Характер ее персонажей, автор и читатель ее собственной книги, которая резюмируется в ней, и через нее Клариса Лиспектор, ортоним среди ее гетеронимов, наконец вписывается в конец произведения, написав ожидаемую эпитафию там, где начинается и заканчивается текст. в Дыхание жизни: «Я уже прочитал эту книгу до конца и добавляю некоторые новости в начале, а это значит, что конец, который не следует читать раньше, соединяется с началом в круг, змею, заглатывающую собственный хвост. И, прочитав книгу, я вырезала гораздо больше половины, оставила только то, что меня провоцирует и вдохновляет в жизни: звезду, зажженную в сумерках. […] Однако я уже в будущем. Это мое будущее будет для тебя прошлым мертвеца. Когда вы закончите эту книгу, воздайте мне аллилуйя. Когда ты закроешь последние страницы этой несчастной и безрассудно-игровой книги жизни, тогда забудь меня. Пусть Бог благословит вас и эта книга закончится хорошо. Чтобы я наконец смог отдохнуть. Пусть мир будет между нами, между тобой и между мной. Я поддаюсь на речь? Да простят меня верующие храма: я пишу и таким образом избавляюсь от себя и могу потом отдохнуть». (стр. 20)
Игра идентичности, которую повествовательница вела сама с собой, прекращается, когда текст, предваряющий размышления о смерти, становится погребальной стелой.
* Бенедито Нуньес (1929-2011), философ, почетный профессор UFPA, является автором среди других книг Драма языка – прочтение Кларисы Лиспектор (Раздражать)

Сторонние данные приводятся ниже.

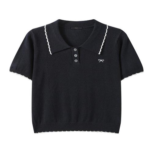 [르샵]리본 자수 포인트 카라 반팔 니트 (DQ2KT001A)
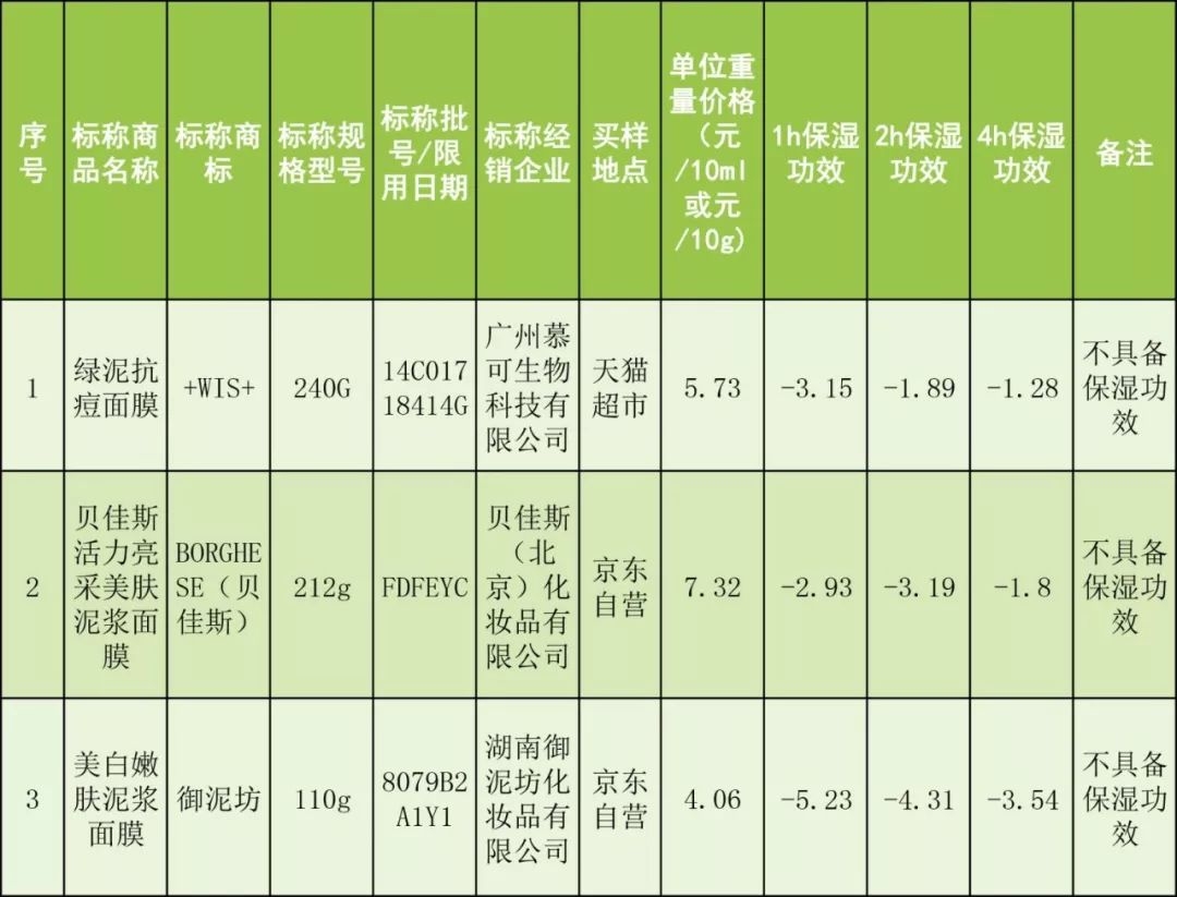 检测结果显示,以1小时保湿功效为例,2款样品的数值达到30以上,保湿效果较好;3款样品在10以下,保湿效果不佳。4小时后,12款样品的保湿功效仍保持在10以上,保湿效果较好(见表一);3款样品的数值仅为0至1.04之间,不具备4小时保湿效果(见表二)。

Первоначально опубликовано в журнале Конец зла, No, 9, 1989.
Примечания
* Цитаты взяты из Час звезды (Ливрария Хосе Олимпио Эдора, Рио, 1977 г.), Страсть по версии GH («Романс», Editora do Autor, Рио, 1964), Дыхание жизни («Pulsações», Editora Nova Fronteira, Рио, 1978).
[Я] См. «Авангардная литература в Бразилии». В: Авангардные литературные движения в Иберо-Америке, мемориал 11-го Конгресса, Международный институт иберо-американской литературы, Техасский университет, Мексика, 1965 г., стр. 109 – 116.
[II] Письмо от 4 марта 1957 г. (Рио). Источник: Архив-музей литературы фонда Casa de Rui Barbosa.
[III] Письмо Кларисы Андреа Азуле. Источник: Ольга Борелли.